Ellis noted that the patchy skin-loss areas were mainly about the face, neck and breasts; the right knee also was bare of skin.

Examination of the internal organs revealed more. The liver was fatty and yellow, indicating malnutrition (the pelvic bones’ prominence also indicated loss of weight). An alteration in the kidneys indicated the victim had been in shock for some time prior to her death, perhaps as much as two or three days. Examination of the brain showed the effect of the large external bruise about the temple. The doctor drained off two tablespoons of free-flowing, unclotted blood. Unstopped bleeding in such an area causes loss of consciousness and eventually
death as pressure on the brain builds up. The doctor concluded that Sylvia died of a “subdural hematoma” caused by the blow to the head, with shock, malnutrition and the excessive injuries as underlying factors.

DETECTIVE SGT.
William E. Kaiser had arrived at the Wright home within 10 minutes of Patrolman Dixon. Other policemen already were swarming through the house, taking photographs, making notes and controlling traffic.

Shortly after Kaiser’s arrival, a tiny teenage girl limped toward the house from across New York Street. A rake in her hand, her dingy blond hair stringing from her shoulders, the crippled girl quickened her pace as she saw the patrol cars parked outside the house. A wave of anxiety swept across her face. Her shriveled left leg was encased in a steel brace, but she broke into a near trot as she neared the home.

Police reports listed her later as Jenny Fay Likens, white, female, 15. Sylvia was her sister.

Jenny burst into the front room. Someone said Sylvia was dead. Tears streamed down the polio victim’s face.

Arriving about the same time, home from her job at a neighborhood cafeteria, was a large, brown-haired, slovenly, bottle-bottomed girl named Paula. She was 17, Mrs. Wright’s eldest daughter. She, too, heard the news that Sylvia had died. “You’re kidding!” she exclaimed.

They were not kidding. Paula reached for her Bible. She began reading to Jenny. “This was meant to happen,” she intoned then, softly. “If you want to live with us, Jenny, we’ll treat you like our own sister.”

Mrs. Wright came into the room, bustling about like a busy stage director. “Did you tell them I’d been doctoring Sylvia?” she reminded.

Jenny remembered her lines: No one had seen Sylvia for several days; she had run off with a gang of boys; she staggered into the backyard at 5:30 p.m., bare-breasted, clutching a note. But Jenny ad-libbed, also. “You get me out of here,” she whispered to a policeman, “and I’ll tell you everything.”

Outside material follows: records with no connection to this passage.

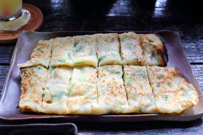 밀가루 반죽에 부추를 넣고 팬에 구운 메뉴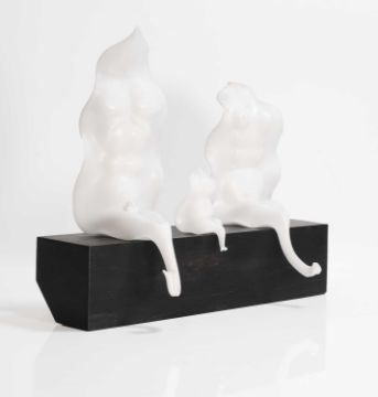 'Famiglia di Foglie', three carved alabaster nude figures, on a wood plinth,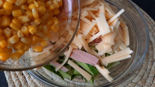 Быстрый салат на праздничный стол с кукурузой. Аппетитный и сытный.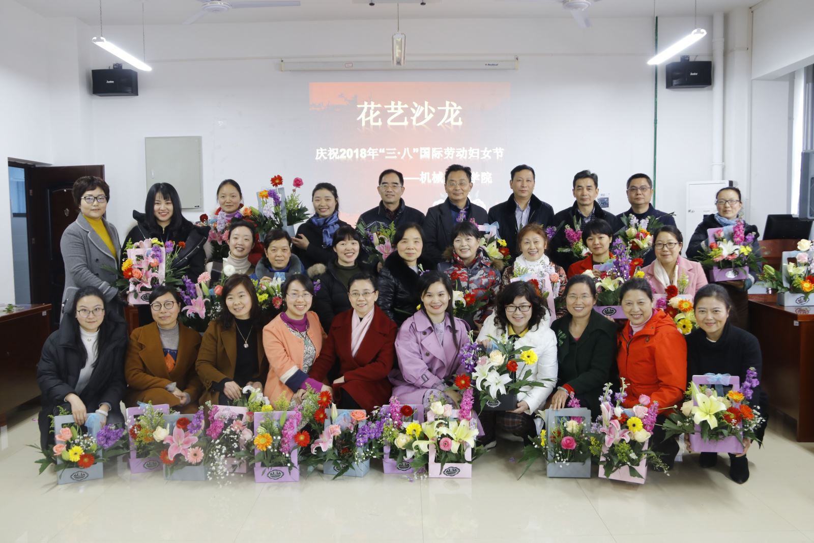 为庆祝2018年“三·八”国际劳动妇女节的到来,机械工程学院于3月8日下午在机械楼312室举行花艺沙龙活动,活动由工会副主席范冬英主持,学院领导班子以及全体女教职工参加。
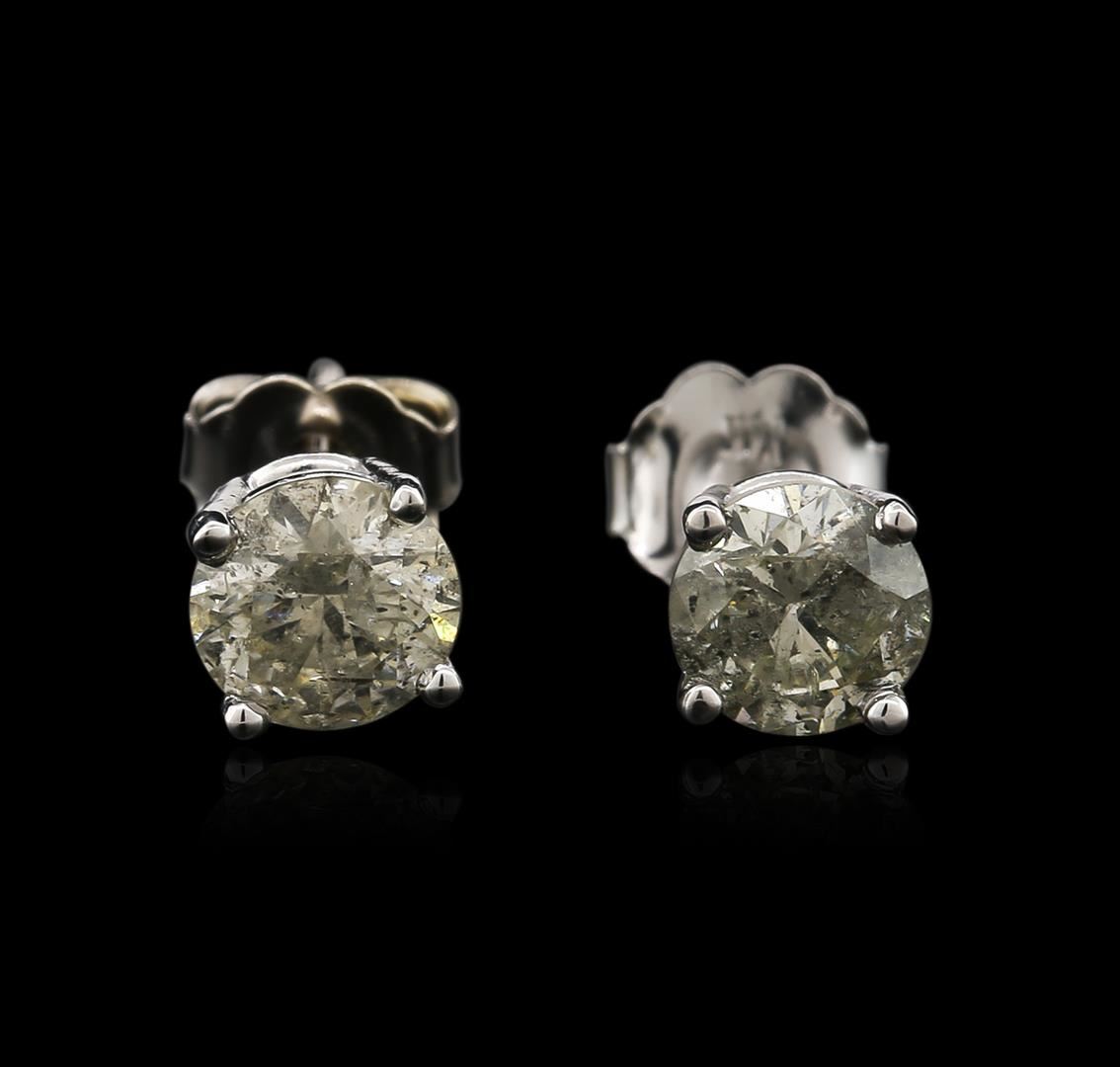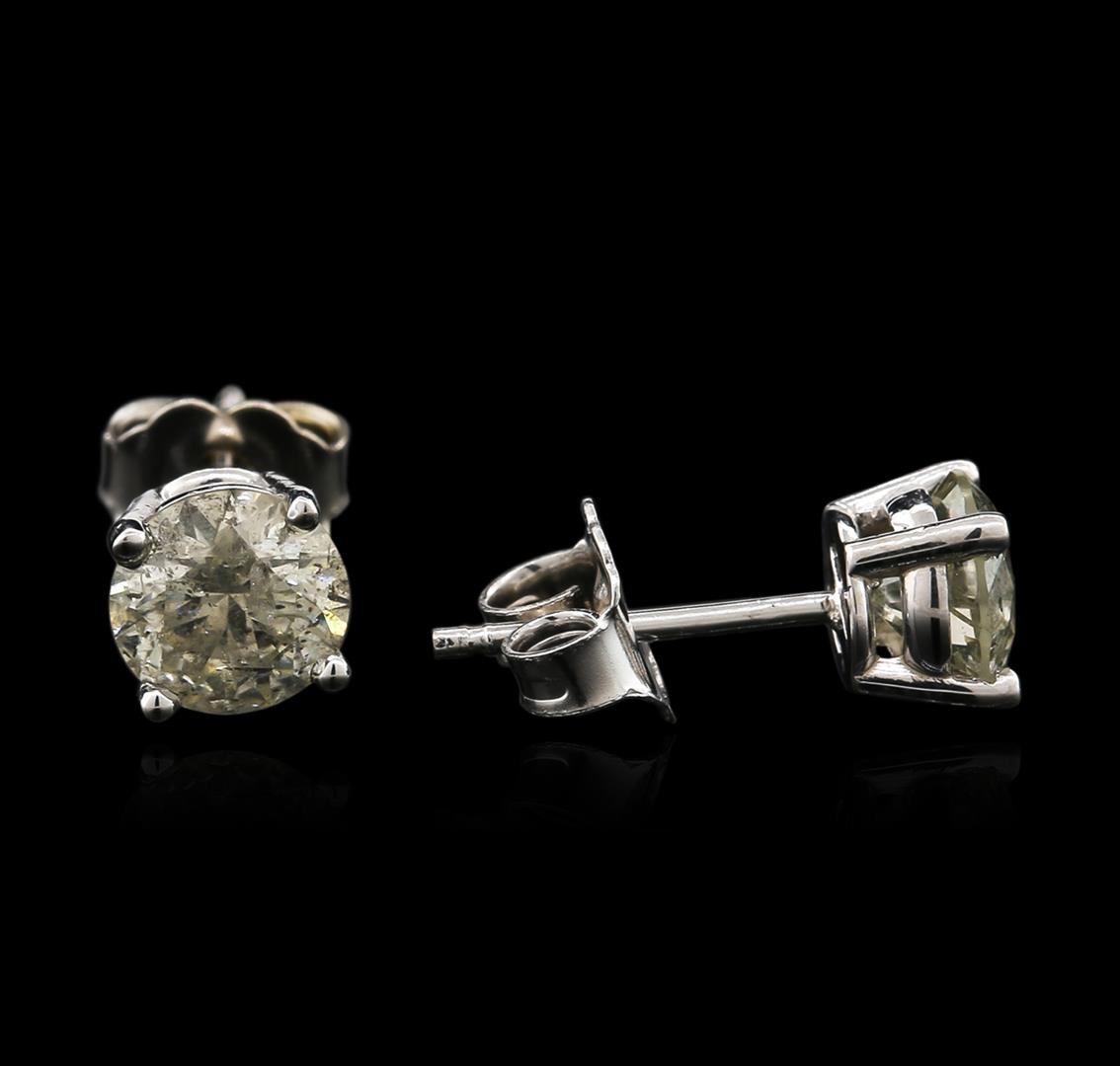 One pair electronically tested 14KT white gold ladies cast diamond stud earrings with friction posts with a bright polish finish. Identified with markings of "14K". Condition is new. Containing: Two prong set round brilliant cut diamonds, measuring 5.70 - 5.70 x 3.44mm (depth est.) approximate total weight of 2 Stones = 1.36ct. Clarity: I-3 to I-3. Color: K, Cut is Good. Diamonds are graded in the mounting, unless otherwise stated. Total Weight of Diamonds 1.36ct. Total Weight of Stud Earrings 1.10 grams. GGL Appraised at $1,555.00.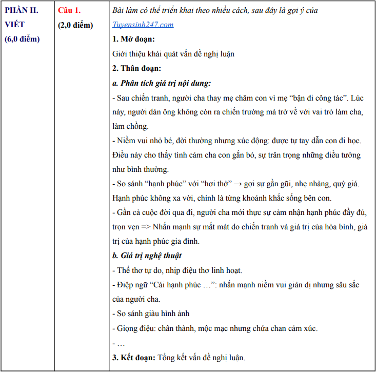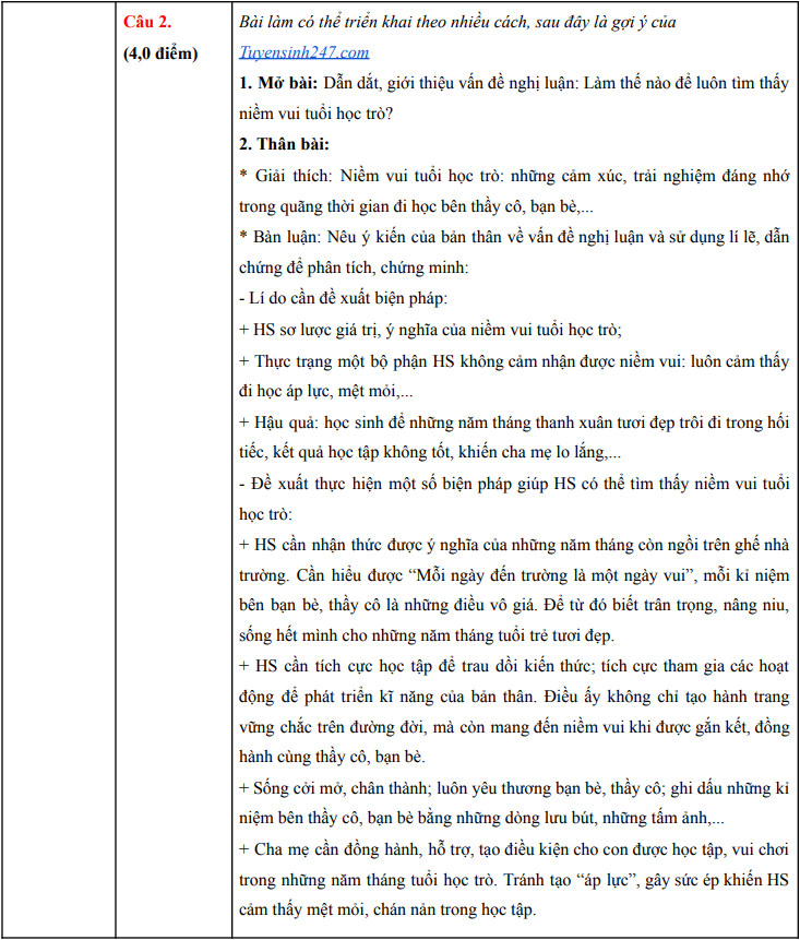 | Đáp án tham khảo môn Ngữ văn do Tuyensinh247 thực hiện. |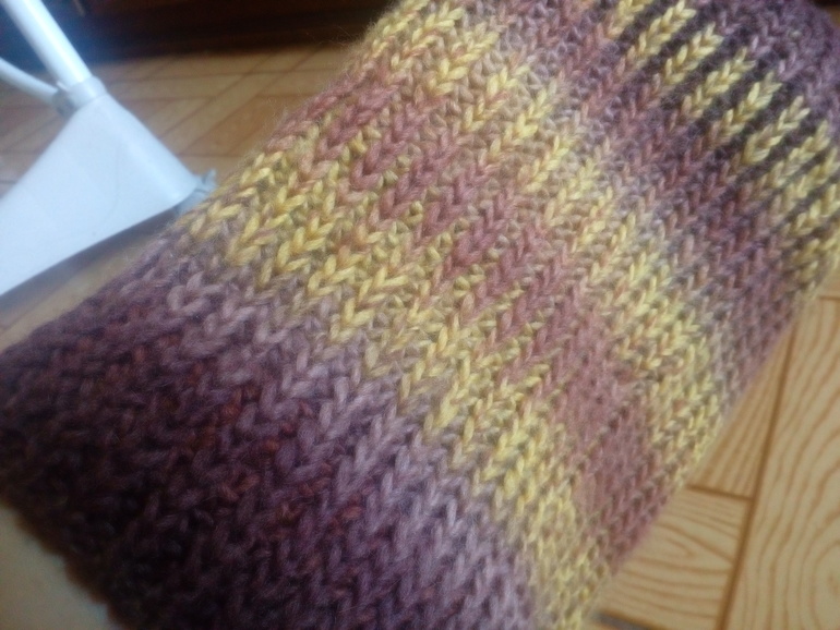 Сочетание бордового, коричневого и желтого не одобрил никто, пришлось распускать (отдельное удовольствие) и отпаривать. Кстати, мокрая пряжа пахнет эээээ ... деревней, по крайней мере, мне напомнило каникулы у прабабушки в деревне. На каком-то сайте о другой, правда, пряже в описании было сказано "восхитительный запах свежевымытой овцы", так что, дело вкуса)) меня этот восхитительный запах преследовал еще два часа после отпаривания. Сухая шапка, к счастью, ничем не пахнет.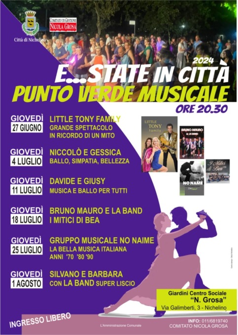 Da giovedì 27 giugno, per 6 giovedì di fila, sino al prossimo 1 agosto 2024, sono in programma presso il Centro Grosa di Nichelino, diversi eventi che faranno rivivere la bella musica di un grande Mito della Canzone Italiana e il Rock’n Roll di Elvis Presley.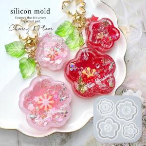 シリコン型・モールド 桜&梅のカシャカシャ レジンセット シリコンモールド 2サイズ シェイカーモールド レジン型 UV LED レジン セット

By 9 p.m., several members of the household were on their way downtown. Richard Hobbs, who had been allowed to go home, was rousted out of bed and hustled into a paddy wagon. The wagon was halfway to police headquarters in the 26-story City-County Building, but it backtracked for one more passenger—12-year-old Johnny Baniszewski.

Grim detectives unlocked the doors in the homicide office and went to work. Kaiser, a large, middle-aged, red-faced man, his speech slow and measured, had the appearance of a rube. But he had been a policeman and a homicide detective a long time. He sensed what was up.

He spoke first with Jenny Likens. Next he talked with Richard Hobbs.

“You are in serious trouble,” he told the boy. “I
know that girl didn’t die at the hands of five boys. Do you want to call your dad before you talk to me?”

Ricky knew his father was worried enough about his wife, Ricky’s mother, who was dying of cancer in Community Hospital. He decided to face the veteran detective alone.

Next Detective Kaiser talked to Mrs. Wright. He learned that her true name was Baniszewski, the same as that of six of her seven children; that her brief cohabitation with 20-year-old Dennis Lee Wright, father of her youngest child, had not been sanctioned by law.

Mrs. Baniszewski handed Kaiser, from her purse, another letter from Sylvia to her parents, on school tablet paper and longer than the note Sylvia supposedly clutched as she staggered into the backyard. It began, “Mom and Dad,” and it was signed, “Sylvia Likens.”